For the half-year to 31 December 2014, the IPKat's regular team is supplemented by contributions from guest bloggers Rebecca Gulbul, Lucas Michels and Marie-Andrée Weiss.

Regular round-ups of the previous week's blogposts are kindly compiled by Alberto Bellan.

Friday, 20 October 2006

NO HIDING PLACE


No hiding place

Judge Michael Fysh QC, sitting again in the Chancery Division of the High Court for England and Wales, gave a pretty helpful ruling for IP owners on Wednesday in KK Sony Computer Entertainment and another v Pacific Game Technology (Holding) Ltd [2006] EWHC (Ch) 2509 (reported here on BAILII).

Sony and its UK subsidiary marketed its latest PSP PlayStation console in over 100 countries, including the countries that form the European Economic Area. These PlayStations were protected by five Community trade marks, a UK registered trade mark, a UK registered design and a Community registered design and copyright in computer programs, menu icons, surface design and the user manual.

Pacific, a Hong Kong company, ran a website on which it offered various video games, consoles and accessories, video games and so on. Pacific also offered genuine Sony PSP consoles that were intended for sale in Japan only. According to Sony, by targeting customers in the UK and elsewhere in the EEA Pacific infringed its phalanx of IP rights. Sony went to court, seeking delivery up, disclosure of names, and an enquiry as to damages or an account of profits and costs. After Pacific earlier failed to persuade the court to refuse to hear the application on the ground of forum non conveniens, the court had to consider (i) whether Sony had agreed to the sale of those PSPs in the EEA - in which case its IP rights would have been exhausted - and (ii) whether Pacific, by offering the goods for sale on its website, had committed any infringing acts.

Judge Fysh QC allowed Sony's application for relief. In his view, the offer for sale had taken place not in Hong Kong but in the EEA. It was also plain that the offer had been made without Sony’s consent.
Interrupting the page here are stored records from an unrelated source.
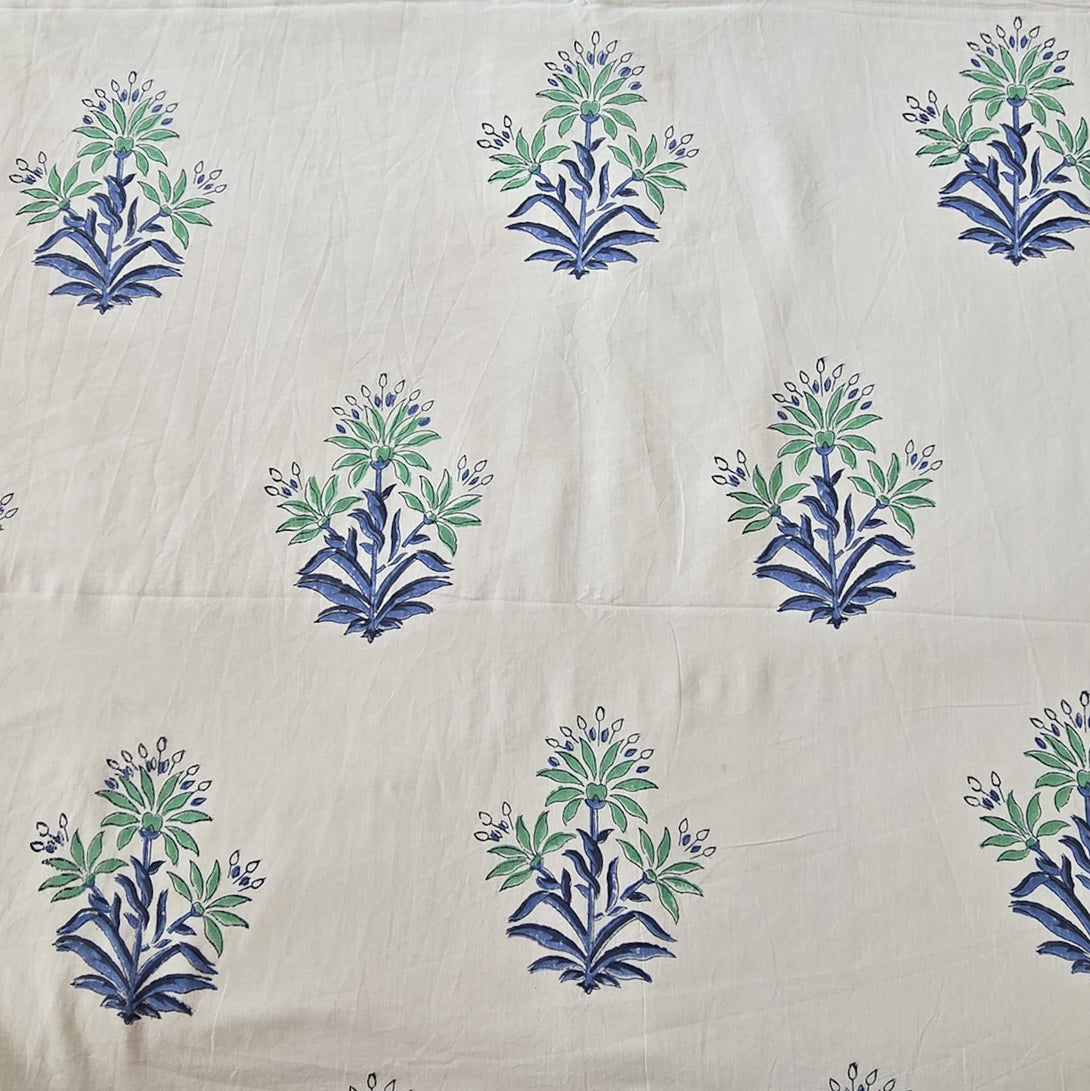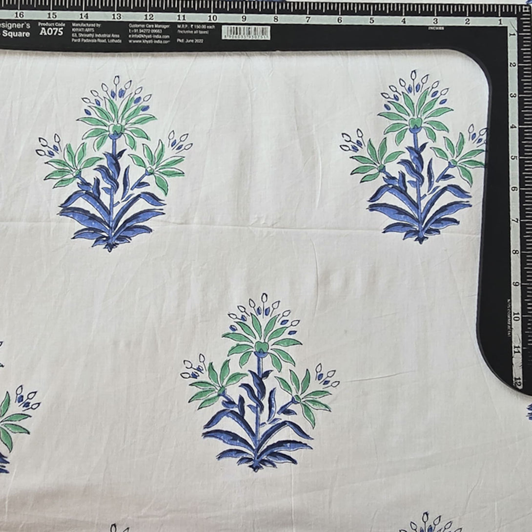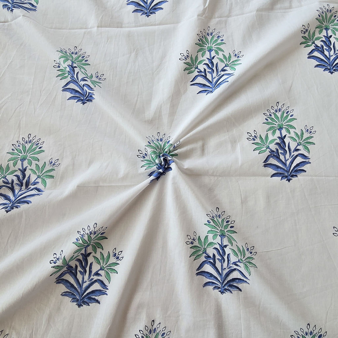 Pure Cotton Jaipuri White With Green Flower Plant Motif Hand Block Print Fabric
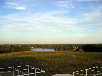 二樓陽台看出去的風景。前景是葡萄園,後面湖邊的房子是酒莊老闆的家。
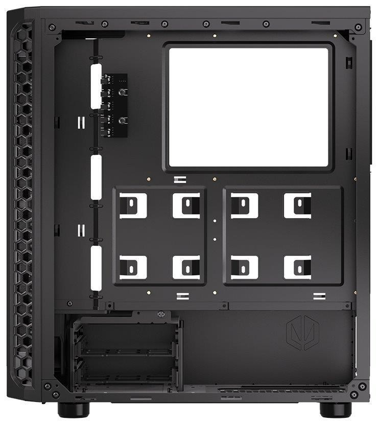 Skriňa formátu Middle Tower s priehľadnou bočnicou z tvrdeného skla ponúka dve 2,5" pozície pre SSD disky a dve 3,5" pozície pre pevné disky. Na hornej časti sa nachádza dva USB 3.0 porty, slúchadlový výstup a audio vstup pre mikrofón. Vybavená je štyrmi 120 mm ventilátormi, ktoré spolu s perforovaným predným panelom zabezpečujú dostatočné prúdenie vzduchu. Dômyselné riešenie umožňuje pohodlné umiestnenie až 360 mm dlhého výmenuňíka vodného chladenia na prednej strane. Vo skrini je dostatok priestoru pre chladicu CPU do výšky až 161 mm a grafickú kartu dĺžky až 350 mm. Dodáva sa bez zdroja. Súčasťou je tiež sada prachových filtrov.
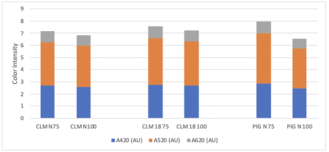 Figure 3: Color Intensity for three pairs of Cabernet Sauvignon (ICV Labs)
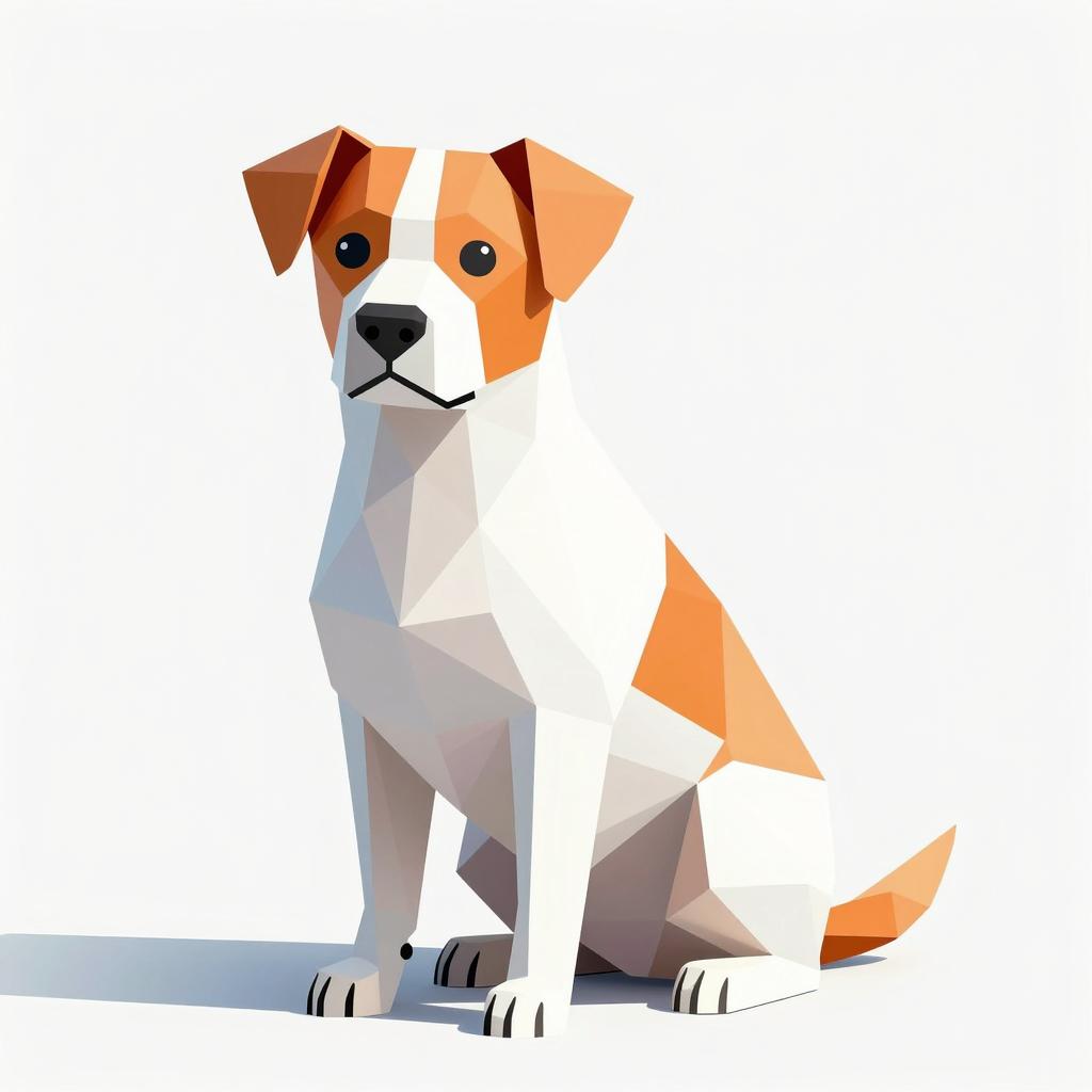A low poly geometric style polygonal abstraction of a dog sitting on a plain background, modern art style with clean lines and sharp edges, strong color contrasts in orange, white, and blue color scheme, digital art rendering
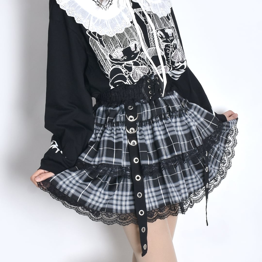 【2/5新カラー追加!】サブカル刺繍★チェックハトメティアードスカート
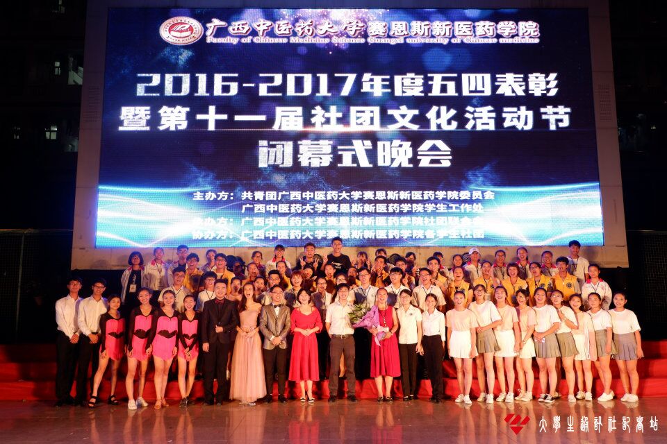为了加强我院学生社团组织建设,提升大学生的综合素质,并对我院优秀青年进行表彰,于6月11日晚在LED舞台开展了由我院学工及团委主办,社联承办、各社团协办的广西中医药大学赛恩斯新医药学院2016-2017年度五四表彰暨第十一届社团文化活动节闭幕式晚会。此次闭幕式晚会邀请到我院院长梁天坚,党委书记李成林,副院长冼锦华,纪委书记叶绘晟,学工处处长黄学政,团委书记谭入铚,学工处副处长吕映福、黎桂曹,出席本次晚会的还有众外校嘉宾、本校各大社团成员以及学生代表。
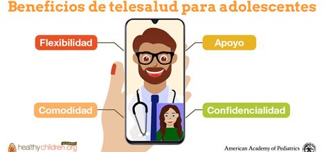 ¿Es hora del chequeo médico de su hijo adolescente? Su pediatra puede ofrecer visitas de telesalud a través de videollamadas y otras opciones remotas que pueden ahorrarle un viaje al consultorio. Muchos adolescentes y adultos jóvenes prefieren las visitas de telesalud a las visitas al consultorio. Pueden visitar al médico que conocen y en quien confían usando un teléfono o una computadora portátil.

The fact that the offer to sell was made via the intermediary of a website did not mean that the offer had not been made within the EEA:

"... It would make no sense if intellectual property rights in the EEA could be avoided merely by setting up a website outside the EEA crafted to sell within it" (para.27).
The IPKat agrees. It's hard to imagine that Sony had consented to the sale within the EEA of products that bear a label "FOR SALE AND USE IN JAPAN ONLY", in the absence of pretty cogent evidence to the contrary. Merpel says, that's all very well - but WHY can't I buy legitimate PlayStation and other Sony goods from whomsoever I want? Try selling the concept of non-global exhaustion of rights in a world which is now a global village.


No hiding place 2

Sweet & Maxwell's Lawtel subscription service picked up Celem SA and Celem Passive Components Ltd v Alcon Electronics Pvt Ltd, an extempore judgment of Mr Justice Warren in the Chancery Division yesterday.

Alcon supplied capacitors in India. Celem, who made premium high quality capacitors for which it had European patent protection, sued Alcon for patent, unregistered design right and copyright infringement by selling, offering to sell and importing allegedly infringing products into the UK. After Celem obtained permission to serve the proceedings on Alcon in India, Alcon applied to discharge that order: it maintained that permission to serve outside the jurisdiction should not have been granted on the grounds that (i) Alcon had never kept, sold, offered for sale or imported any product in the UK and (ii) the Indian courts were the forum conveniens (on which see the preceding item) for determining Celem's claim.

Warren J refused the application. Celem had shown that there was a serious issue to try: its intellectual property rights were in the UK and, if an English court did not deal with the patent infringement claim, an Indian court would be unlikely to do so. On this basis, if the patent infringement action was not the subject of resolution in the UK, Celem would have no redress.

The IPKat says this must surely be right. If it were not, then businesses trading outside the UK could nibble away at the commercial expectations of UK intellectual property rights holders without fear of reprisal. Merpel's a little surprised that Alcon even tried it on - surely this was settled a long, long time ago.

Celem here (earplugs needed); Alcon here
How capacitors work here

1 comment:

Anonymous said...

If, as the IPKat indicates, Alcon were supplying the capacitors in India, I would have thought that they would have been outside the jurisdiction of the UK courts unless they were making an offer in the UK. Assuming infringement, the infringer would have been the importer and not the manufacturer. I suppose, however, that the English court will now have to consider that aspect.